Sue Dorrington
- Born: 10 June 1958 (age 68) Minnesota, United States

Rugby union career
- Position(s): Centre, Hooker

Senior career
- Years: Team / Apps / (Points)
- 1982 - 1983: Twin City Amazons /  / (0)
- 1984 - 1986: Finchley Women /  / (0)
- 1986 - 2000: Richmond Women /  / (0)

International career
- Years: Team / Apps / (Points)
- Great Britain /  / (0)
- 1987 – 1997: England /  / (0)
- Medal record
Representing England
Women's rugby union
Rugby World Cup
| Gold medal – first place | 1994 Scotland | Team competition |
| Silver medal – second place | 1991 Wales | Team competition |

= Sue Dorrington =

English rugby union player

Sue Dorrington (born 10 June 1958) is a former English rugby union player and pioneer of the women's game, in England and internationally.

== Biography ==
Dorrington was born and raised in Minnesota, USA. She started playing rugby in the early eighties and moved to London in 1983 for more competitive rugby. She played for Richmond Women and represented both Great Britain, and England in test matches.

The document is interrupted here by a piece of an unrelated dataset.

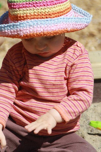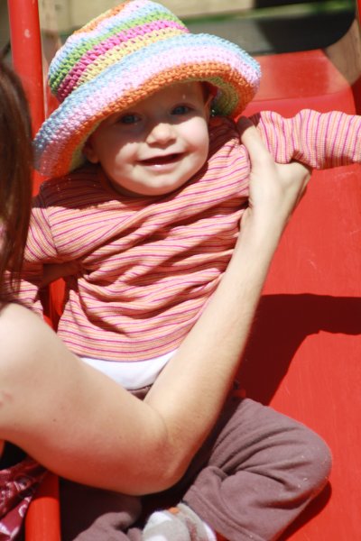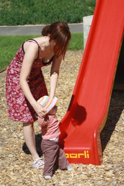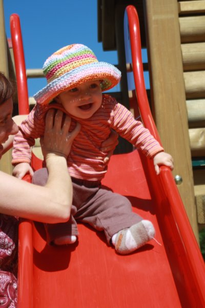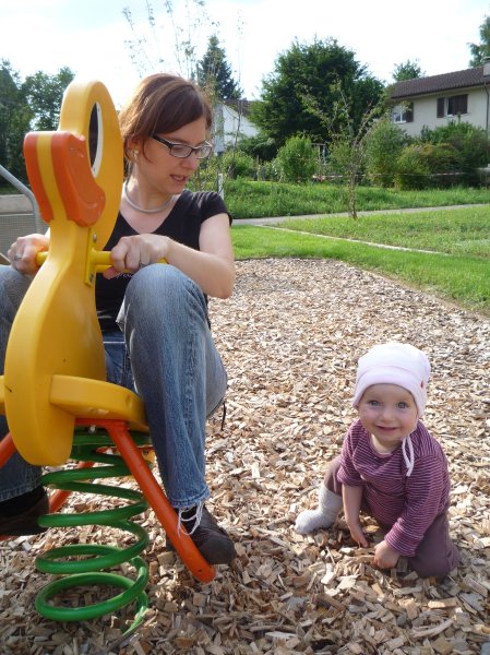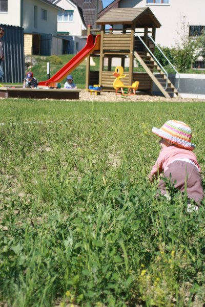 Juhu: ein Spielplatz direkt vor dem Esszimmerfenster. Man sieht die Rutsche vom Hochstuhl aus. Wenn wir künftig zu spät kommen: das ist der Grund. Emmilienchen Struppilienchen macht sich alleine auf den Weg zum Spielen ![]()

Dorrington and three of her Richmond teammates — Deborah Griffin, Alice Cooper, and Mary Forsyth, organized the first Women's Rugby World Cup in Wales in 1991. She had to balance her role on the Women’s Rugby World Cup Organising Committee and also as England’s starting hooker at the World Cup. She missed the official opening ceremony as she had to take care of Griffin’s daughter, and then line up at hooker for England the following day.

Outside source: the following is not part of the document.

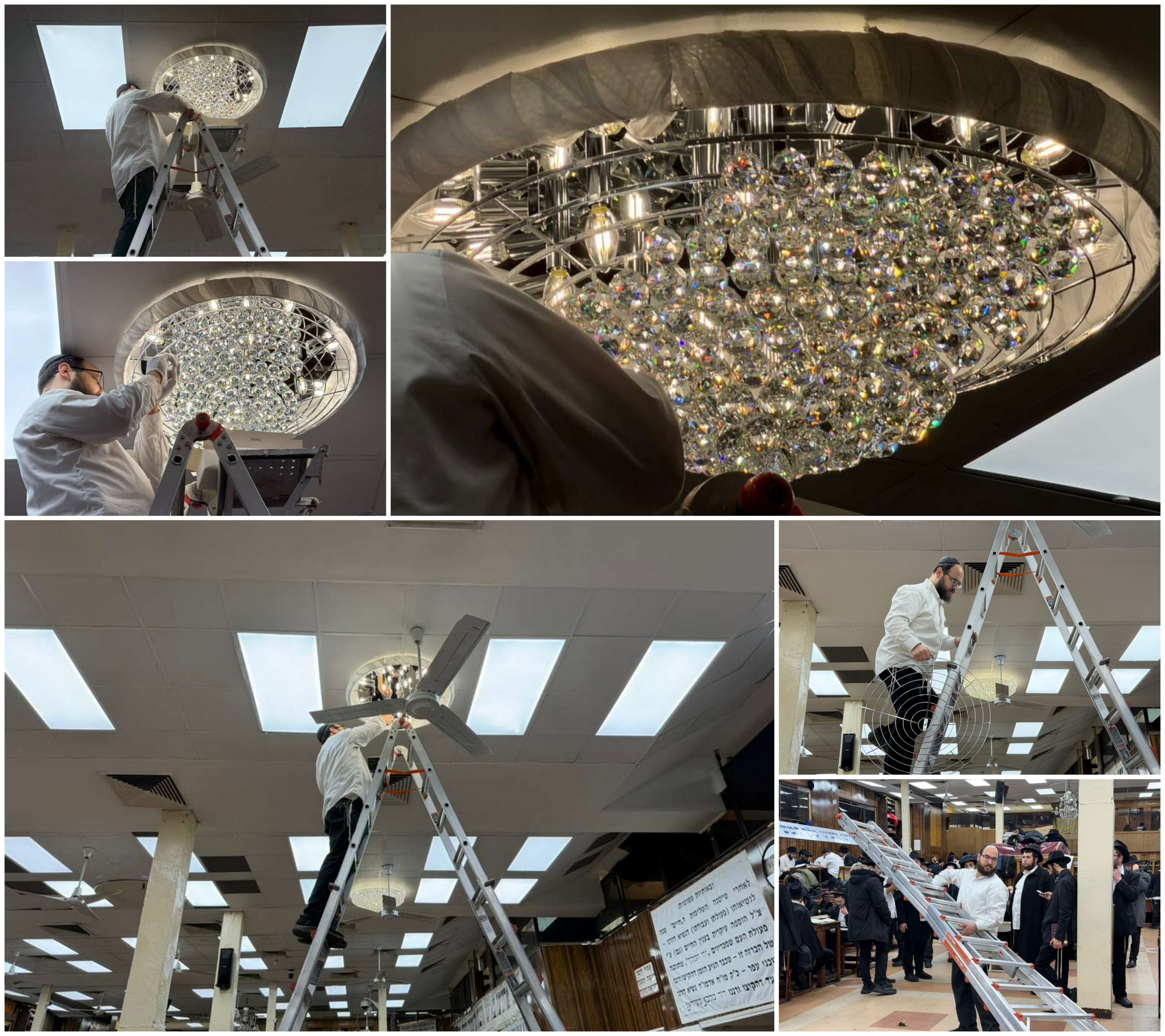 עם סיום כינוס השלוחים העולמי בחצרות קודשנו ולקראת חודש כסלו, נמשכים השיפוצים בבית חיינו. אמש, הותקנו 4 נברשות חדשות מרהיבות שיוסיפו בפיאור בית ה' למען הלומדים והמתפללים הרבים בזאל הגדול ב-770 • כתב חב"ד אינפו תיעד את התקנת הנברשות החדשות • לתיעוד

Dorrington later captained England against Scotland at the 1994 World Cup. She did not get to play in the final when England beat defending champions the United States 38–23. She played her last test for England in 1997. She continued to play for Richmond and is the only player to represent Richmond for over three decades.

Dorrington was also Richmond’s first-ever female vice-president.

=== World Rugby Hall of Fame ===
Dorrington, Griffin, Cooper, and Forsyth were inducted into the World Rugby Hall of Fame in a special ceremony during the 2021 Rugby World Cup semi-finals at Eden Park on 5 November 2022.